I am using the BERT model and by doing import TFBertForSequenceClassification, I am using the model that adds a classification head to the BERT base model. Adding a layer to a pre-trained model is a crucial part of transfer learning, and by training the model on my data, I will be setting the weights of the new head layer of the model, which is where it learns about disaster tweets and how to classify them!

In [None]:
from transformers import TFBertForSequenceClassification, BertConfig

config = BertConfig.from_pretrained('bert-base-uncased', num_labels=2)
model = TFBertForSequenceClassification.from_pretrained('bert-base-uncased', config=config)

### Compiling the Model

In [None]:
model.compile(
    optimizer=tf.keras.optimizers.Adam(learning_rate=2e-5, epsilon=1e-8),
    loss=tf.keras.losses.SparseCategoricalCrossentropy(from_logits=True),
    metrics=[tf.keras.metrics.SparseCategoricalAccuracy('accuracy')]
)

## Step 5: Training the Model

### Train the model


In [None]:
history = model.fit(
    train_dataset,
    epochs=3,
    validation_data=val_dataset
)

## Step 6: Evaluating and Submitting the Results

### Predict on the test set

In [None]:
test_dataset = tf.data.Dataset.from_tensor_slices((
    dict(test_encodings)
)).batch(32)

predictions = model.predict(test_dataset).logits
predicted_labels = tf.argmax(predictions, axis=1).numpy()

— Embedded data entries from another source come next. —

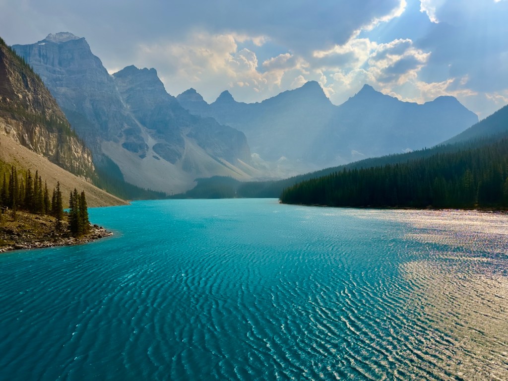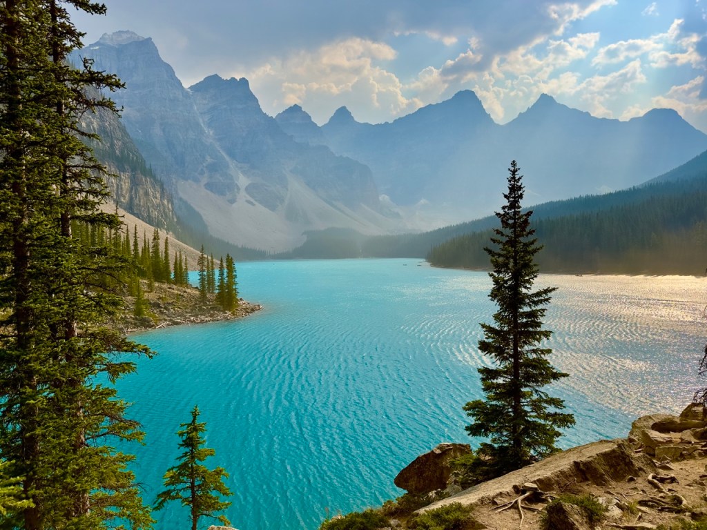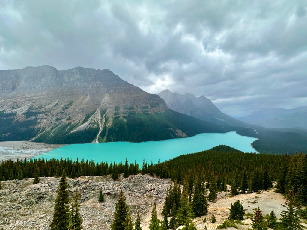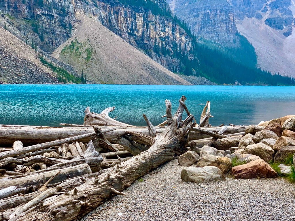 Pak už ale stáčíme kormidlo a vyrážíme do hor, ochladit se, poškádlit pár mědvědů a provětrat pohorky. Míříme do národních parků Banff a Jaspers. Brzy zjišťujeme, že je zde lidí snad ještě více než v parcích na druhé straně hranice a že i zde nebude jen tak prorvat se davy. Jak už ale víme, ty se zdržují v naprosté většině v bezpečné blízkosti restaurací, obchodů se suvenýry a v každém případě na dosah od svých vozů, a tak je na našich výšlapech do kopců necháváme rychle za sebou. Ledovců je tu pořád ještě o něco víc než na americké straně a tak neváháme a míříme k nim. Jinak parádní výhledy nám tentokráte trochu kazí všudypřítomný kouř z lesních požárů, které tu někde stále hoří. Toto léto je Kanada celá v plamenech a je to znát.
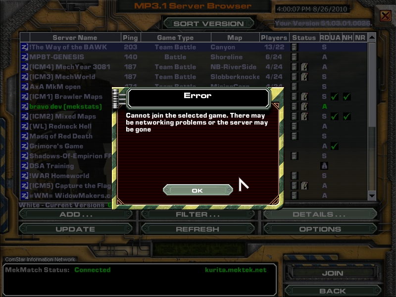 Ich hab mir über mektek Mechwarrior Mercenaries downgeloaded,aber ich kann mich mit keinem einzigen Server verbinden.Es kommt immer die Meldung das es entweder ein Netzwerkproblem ist oder der Server down sein,was aber nicht sein kann,zumindest nicht das alle Server down sind,da in der Serverliste Spieler angezeigt werden.
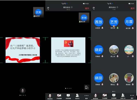 2020年6月29日,大学数学教学部教工党支部通过腾讯会议在线学习了“三秦楷模”施秉银、付凡平和赵梦桃小组的先进事迹。会议由杨艺芳主持,支部全体成员参与了本次会议。
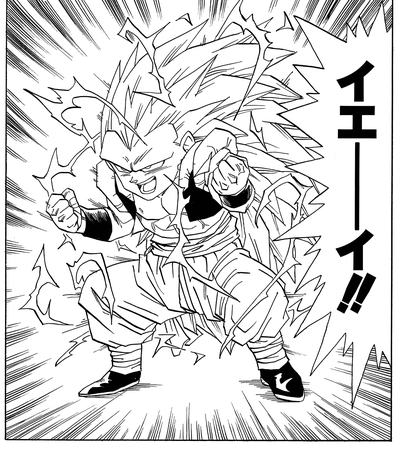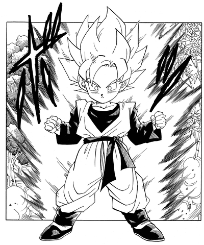 While Goku and Gohan had to struggle to finally achieve this transformation, Goten easily reaches it using only his own natural-born talent.
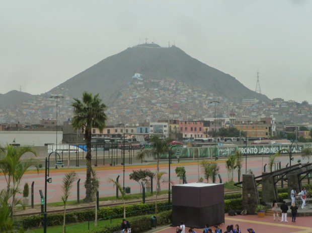 Auf geht’s zu einem werktäglichen Stadtbummel durch Lima. Die Kirche San Pedro präsentiert sich dieses Mal ohne Gerüst und die Lima-typische Dunstglocke gewährt mir auch einen fadenscheinigen Blick auf den Stadtteil Rimac und die Slums von Lima.
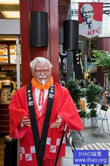 聖誕夜前夕的肯德基:日本這個國家在烹飪方面上,一直以健康飲食、喜愛壽司而著名,不過近年漢堡很受喜愛。雖然日本傳統上不慶祝耶誕節,但肯德基專賣店卻很受外國人歡迎。"
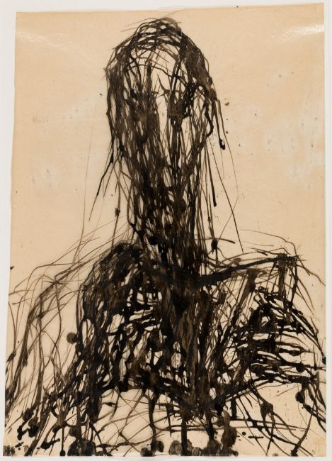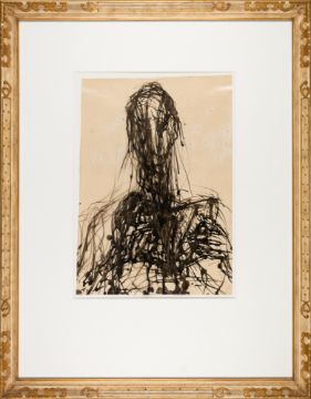 Tusche auf chamoisfarbenem Japanpapier. Rechts unten mit Bleistift signiert und datiert (19)84. Blattmaß 47x 33,5 cm. Im Passepartout freigestellt und unter Glas im Conzen Modellrahmen gerahmt, 85,5x 67 cm.
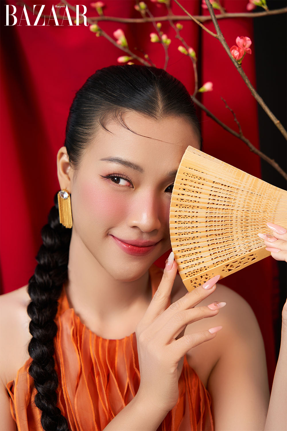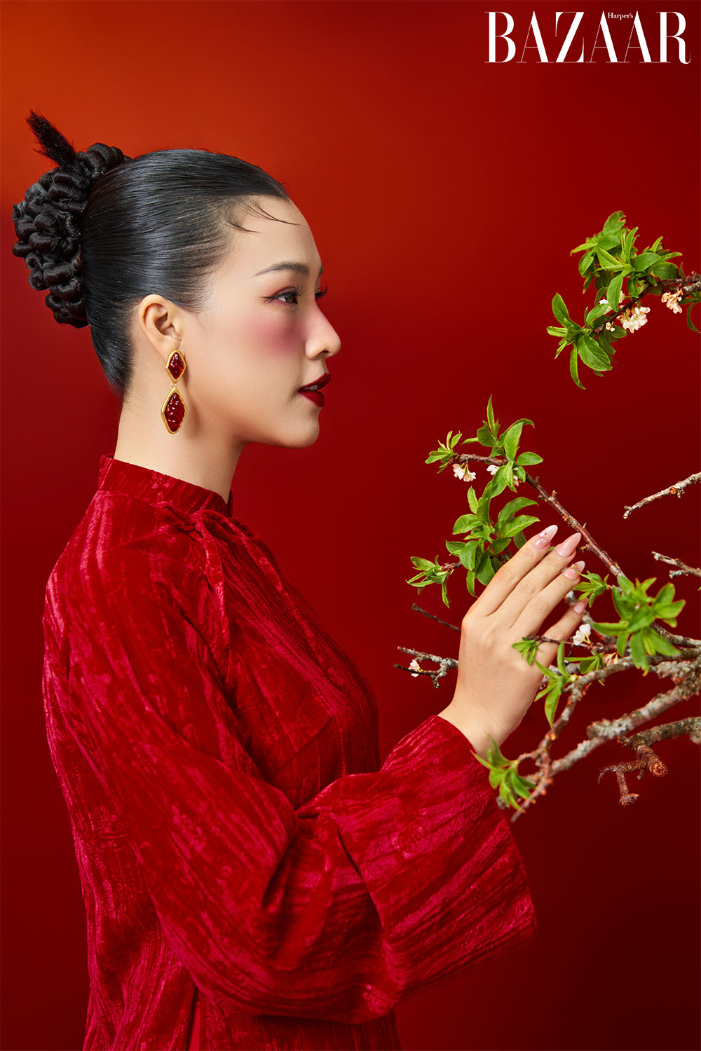 Á hậu, MC Hoàng Oanh đón Tết với bộ ảnh Giáp Thìn 2024 mang sắc đỏ ấm áp. Trong loạt trang phục truyền thống, cô khoe nét đẹp đậm chất Á Đông với kiểu makeup má hây hây hồng.
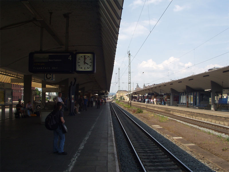 ポテトサラダは日本のものとはぜんぜん違い、黄色の色をしてしかも酸っぱい(^O^; でも白ワインと一緒に食べると意外に合います。でも、途中で飽き80%を残してしまいました・・・。 レストランの方すみませんでした。やっぱり日本のが一番です。 船を下りてライン川とはお別れ(ToT) ここから今晩の宿泊先のハイデルベルクへ向かうため、駅まで行きます。
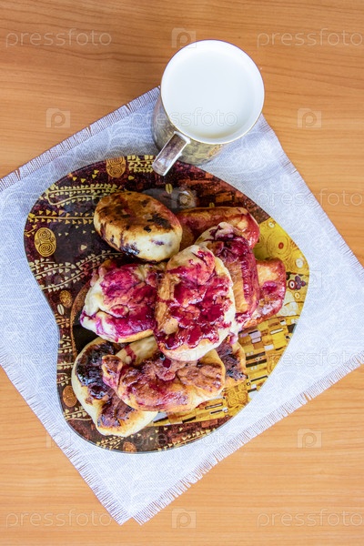 Ягодный пирог, обжаренный на сковороде в масле с вишней на блюдце и кружкой молока
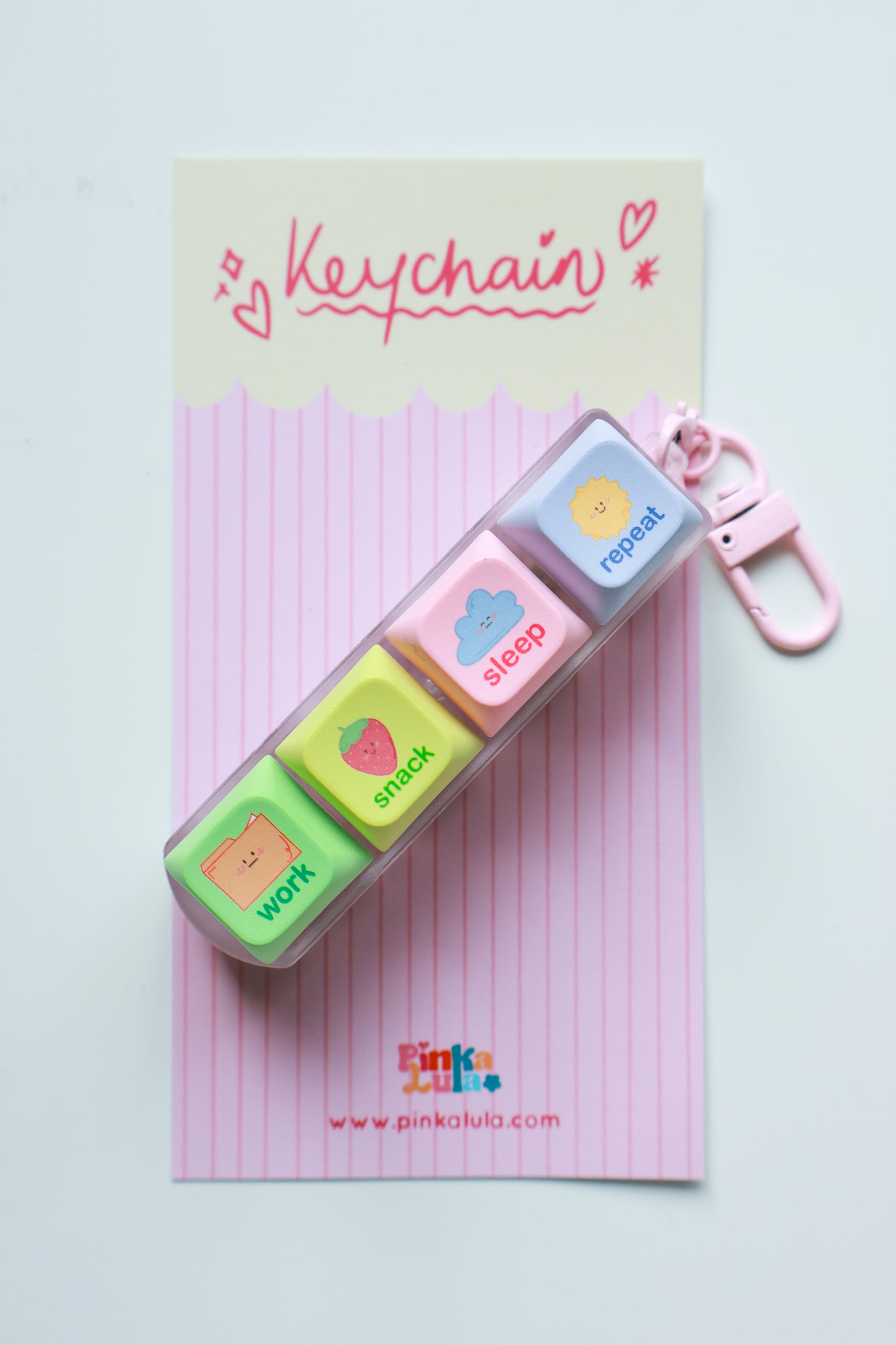 This keycap keychain features four playful keys: Work, Snack, Sleep, Repeat. Each press lights up with a clicky blue switch sound that’s as satisfying as it is fun.
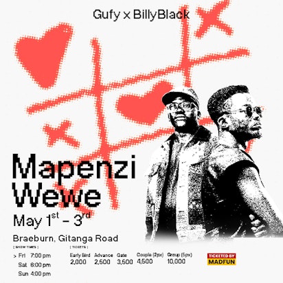 What happens when two of Kenya’s most compelling creative voices step into one fully scripted production?Mapenzi Wewe.Rooted in the rhythm of Nairobi — its softness and its edge — this concept show blends poetry, live music, and raw storytelling into a 90-minute emotional journey that will make you laugh, reflect, ache… and maybe even call someone after.“Mapenzi wewe” — a phrase we know too well.Affection. Frustration. Longing. Devotion. The kind of words that live in our streets, our texts, our silences.Through a carefully crafted theatrical narrative, Gufy Dox and Billy Black explore love in all its forms — romantic, filial, ancestral, selfless, complicated. Tender where it needs to be. Honest where it must be.Three nights only. Limited seating. Early Bird tickets are now on sale.Don’t hear about this one after it’s over.

### Prepare the Submission File:

In [None]:
# Create a submission DataFrame
submission = pd.DataFrame({'id': test_data['id'], 'target': predicted_labels})
submission.to_csv('submission_1.csv', index=False)

## Step 7: Iterating and Improving

Hyperparameter Tuning:
- Experiment with different hyperparameters such as learning rate, batch size, and the number of epochs to improve the model’s performance.

Data Augmentation:
- Consider using data augmentation techniques to increase the diversity of your training data.

Model Ensembles:
- Combine the predictions from multiple models to improve overall performance.